The following sections provide additional detail and potential questions to aid in conducting an analysis of each risk factor as part of the BSA/AML risk assessment.
Products and services
Understanding the financial institution's products and services involves knowing how many customers or members use these services, as well as the risks involved in those products or services. For example, the following questions may be asked:
Although not all-inclusive, other products and services that you may want to include in your review are:
- Foreign correspondent accounts
- Special use accounts
- Trade finance
- Bulk cash
- Consumer or business loan portfolios
- Online account access/opening
- ATM services
- Remote deposit capture
Remember, for each of these, it’s important to understand whether these volumes are increasing or decreasing and what controls are in place to mitigate the inherent risk. Once again, all supporting documentation of your analysis must be retained.
To analyze geography, understanding the branch footprint of the financial institution is critical. Specific questions to ask include:
- What are the area's populations of cities and towns?
- Are the branches located within High-Intensity Financial Crime Areas or High-Intensity Drug Trafficking Areas?
- Does the financial institution have a presence on the U.S.-Mexico border?
- Does the institution file many suspicious activity reports (SARs) annually compared to the other institutions in the same geographical area? If not, what might be the reason?
Determine whether these volumes are increasing or decreasing and what controls the bank or credit union has in place for each.
Customer or Member Base
The customer or member base should be evaluated on several factors, such as how many high-risk customers or members the financial institution has. Consider the following types of customers in your account base:
- Non-Resident Aliens (NRAs)
- Politically exposed persons (PEPs)
- Cash-intensive businesses (including marijuana-related businesses)
- Money Services Businesses (MSBs)
- Virtual currency exchanges
- Non-bank financial institutions (NBFIs)
- Professional service providers
In addition, the risk assessment will want to include assessing how well the financial institution collects beneficial ownership information and whether the customer due diligence (CDD) and enhanced due diligence (EDD) processes are sufficient. Again, determine if these volumes are increasing or decreasing and what controls are in place. These questions will need to be answered to understand the customer or member risk fully.
Transactions will require a review of both volumes and frequencies. Analyze processes such as:
- Number of currency transaction reports (CTRs) filed annually
- Number of SARs filled annually
- Volumes and frequencies of international wires compared to domestic
- Number of international ACH transactions compared to domestic transactions
- The volume of Private ATM customers, if any
- The volume of loan transactions
Adequate compliance staffing is critical to any AML program. When analyzing human resources for your risk assessment, consider the following:
- Number of full-time and part-time employees in AML function
- How these numbers compare to the previous year
- Qualifications and experience level of the AML staff
- What training is provided for the team (and the financial institution staff more broadly)
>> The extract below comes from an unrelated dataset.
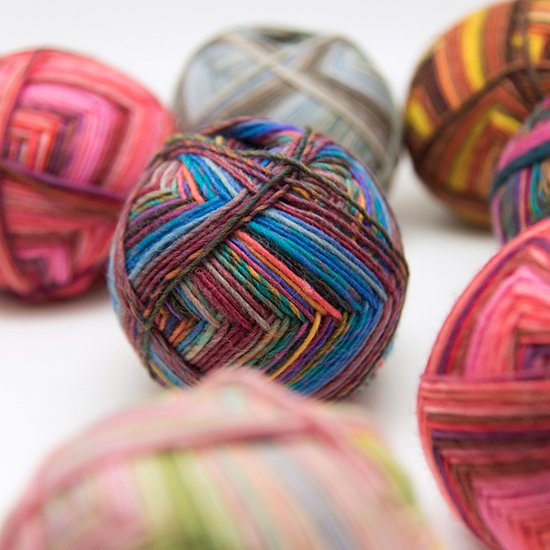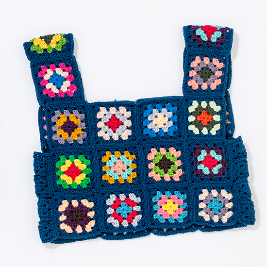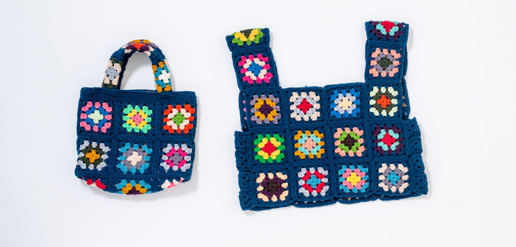 セットには画像の作品からウェアとバッグのセット、もしくはブランケットがつくれる量の材料と編み図が入っており、色の組み合わせをご自身で考えながらつくれる内容となっています。
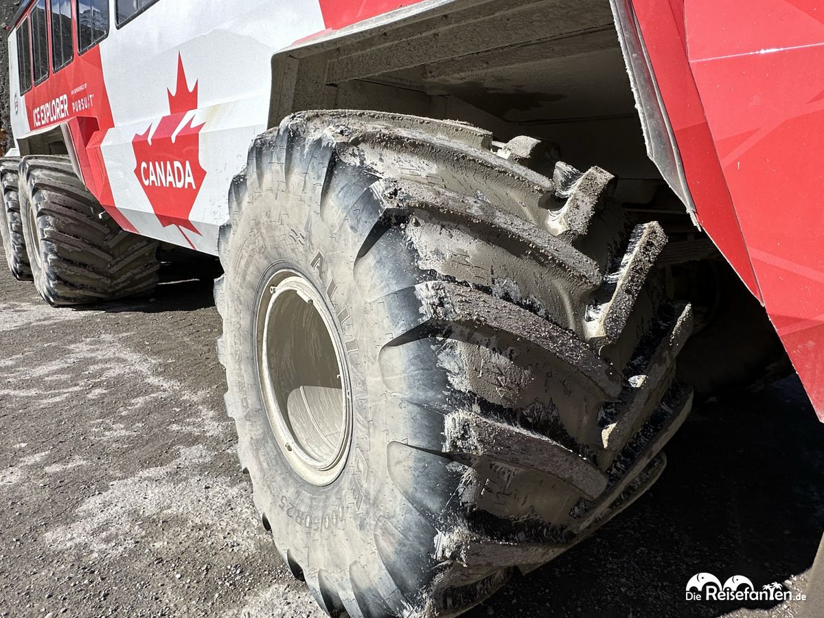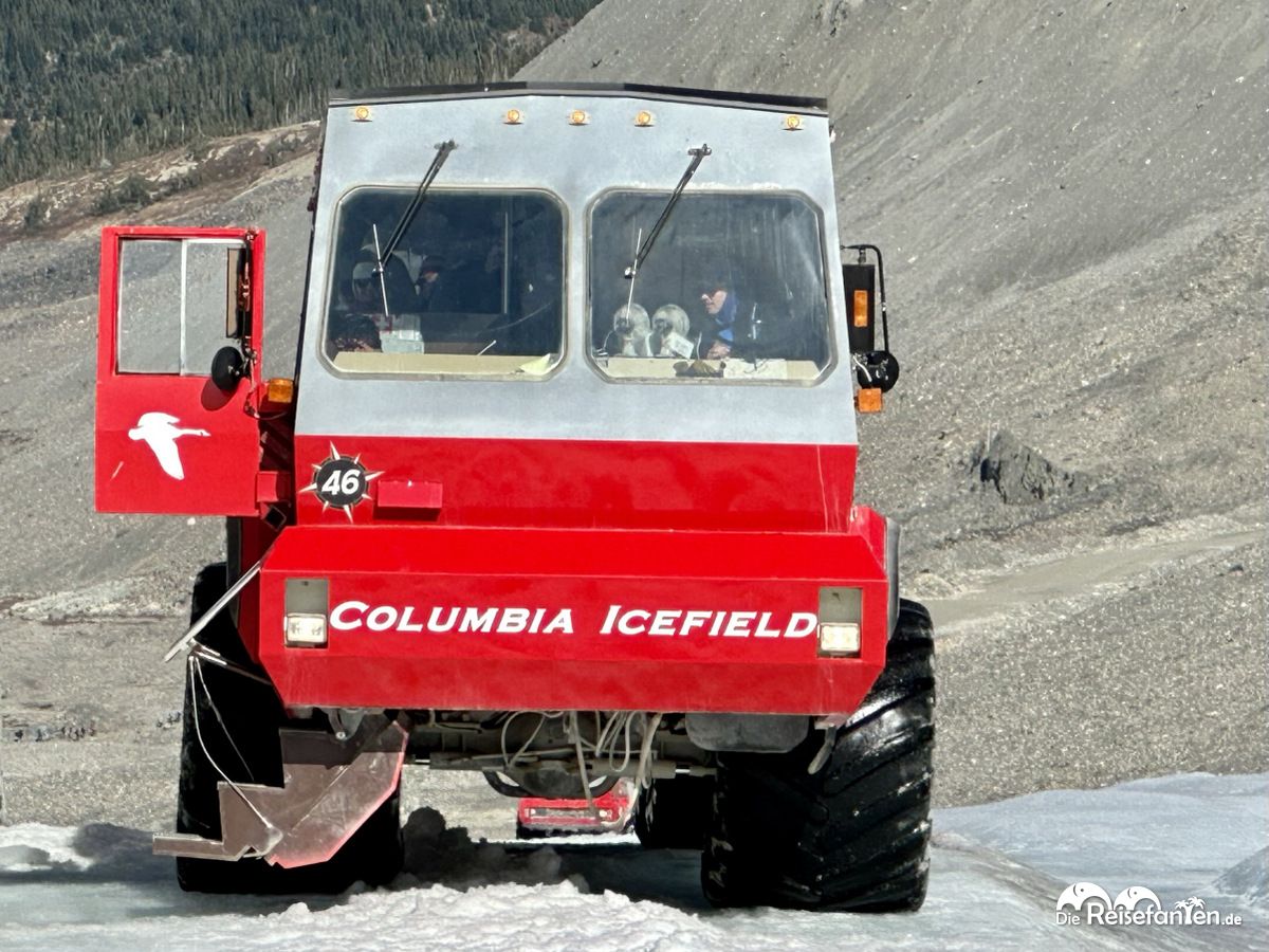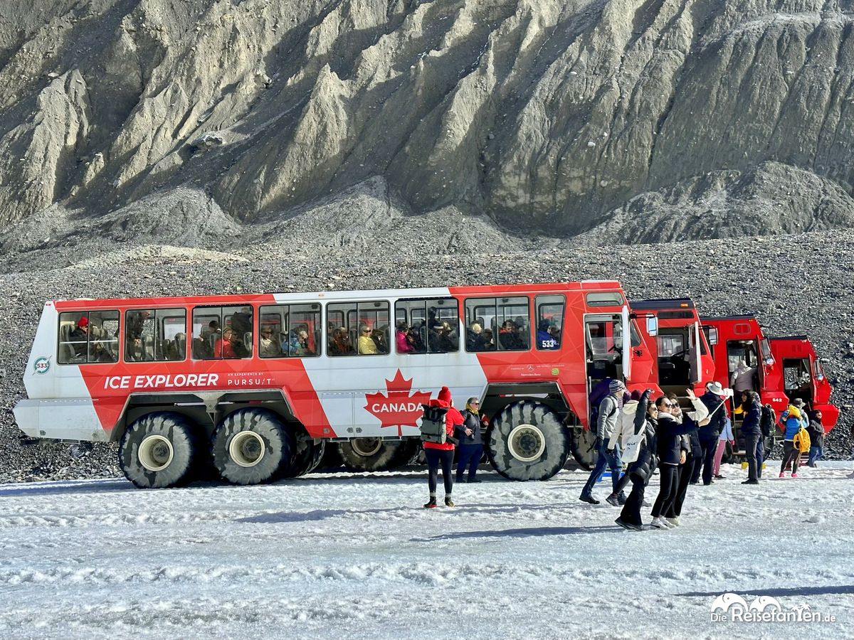Der Andrang auf die Touren war groß und so war vor Ort alles bestens organisiert. Die Touren wurden nach und nach zu den Bussen geführt. Fünf Minuten dauerte die erste Fahrt mit einem normalen Reisebus. Dann stiegen wir in ein Gletscherfahrzeug um und fuhren in 15 Minuten zum Gletscher. Dabei mussten wir eine 32%ige Steigung überwinden. Man hatte teilweise das Gefühl, man überschlägt sich mit dem Fahrzeug aber das war natürlich nicht der Fall. Eine imposante Fahrt war das! Währenddessen erfuhren wir allerhand wissenswertes über den Gletscher. So besteht das Columbia Icefield insgesamt aus 6 Gletschern, die über 8000 Jahre als sind.

- Whether background checks are conducted when hiring
Regulatory Audit and Exams
Regulatory audit and exam results demonstrate a picture of your AML program's health and any gaps that may be present in the program. If the institution has a history of violations, particularly repeat findings, the risk of the financial institution should be increased in the risk assessment. Suppose the board of directors has been adequately apprised of the audit or exam outcomes and repeat violations occur. In that case, this could indicate a lack of a strong culture of compliance, which will ultimately lead to further increased risk. The following other items should also be addressed within an audit or exam:
- Policies and procedures should be checked and updated when necessary.
- A designated officer should be appointed and approved by the board of directors as responsible for BSA/AML and OFAC compliance.
- SARs and CTRs should be filed regularly and in a timely manner, following FinCEN guidelines.
Adequate OFAC compliance is essential for mitigating risk of a financial institution, and a robust OFAC risk assessment supporting the program is critical to avoid costly monetary penalties or regulatory consent orders. Certain transactions, such as wire transfers and ACH, must be checked for OFAC matches before being sent. A financial institution should have a clear set of policies and procedures for OFAC compliance and provide training to all stakeholders. If the institution has a history of OFAC violations, the OFAC risk should be classified as elevated and tightened with mitigating factors.
The above considerations do not cover every aspect of evaluating and documenting the risk of a financial institution. However, they should provide a solid roadmap to completing a thorough risk assessment so that management understands the actual risk profile of the institution. Some financial institutions find they need assistance creating or updating a risk assessment, either due to a lack of time, staffing, or expertise. Expert advisory consultants can partner with the financial institution to provide a risk assessment that evaluates and documents your aggregate risk profile and solidifies confidence in your BSA/AML program.